VOLTAGE STABILITY AND UNDERVOLTAGE LOAD SHEDDING

Voltage stability is defined by the System Dynamic Performance Subcommittee of the IEEE Power System Engineering Committee as being the ability of a system to maintain voltage such that when load admittance is increased, load power will increase, and so that both power and voltage are controllable. Also, voltage collapse is defined as being the process by which voltage instability leads to a very low voltage profile in a significant part of the system. It is accepted that this instability is caused by the load characteristics, as opposed to the angular instability that is caused by the rotor dynamics of generators.

The risk of voltage instability increases as the transmission system becomes more heavily loaded. The typical scenario of these instabilities starts with a high system loading, followed by a relay action due to either a fault, a line overload, or hitting an excitation limit.

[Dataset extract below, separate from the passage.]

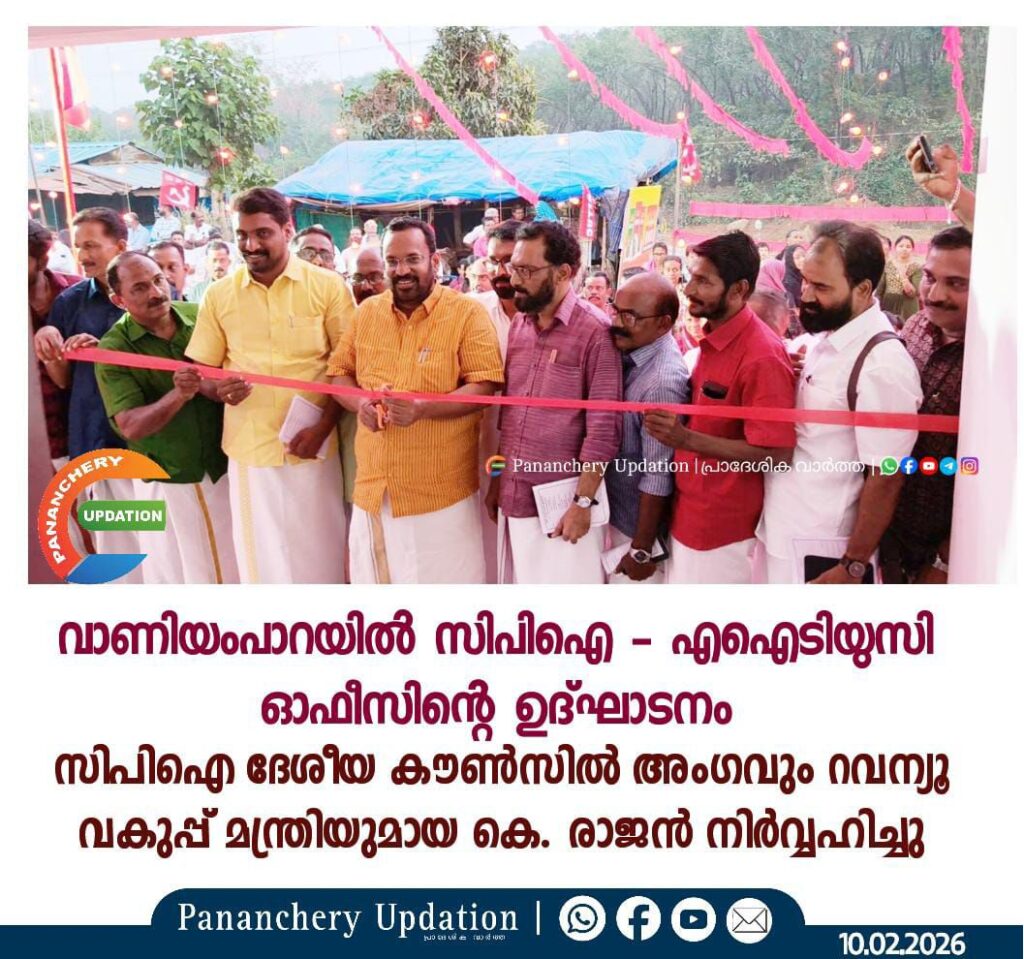വാണിയംപാറയിൽ സിപിഐ – എഐടിയുസി ഓഫീസ് ഉദ്ഘാടനം സിപിഐ ദേശീയ കൗൺസിൽ അംഗവും റവന്യൂ വകുപ്പ് മന്ത്രിയുമായ കെ. രാജൻ നിർവ്വഹിച്ചു.

Voltage instability can be alleviated by a combination of the following remedial measures: adding reactive compensation near load centers, strengthening the transmission lines, varying the operating conditions such as voltage profile and generation dispatch, coordinating relays and controls, and load shedding. Most utilities rely on planning and operation studies to guard against voltage instability. Many utilities utilize localized voltage measurements in order to achieve load shedding as a measure against incipient voltage instability. The efficiency of the load shedding depends on the selected voltage thresholds, locations of pilot points in which the voltages are monitored, locations and sizes of the blocks of load to be shed, as well as the operating conditions that may activate the shedding. The wide variety of conditions that may lead to voltage instability suggests that the most accurate decisions should imply the adaptive relay settings, but such applications are still in the stage of early development.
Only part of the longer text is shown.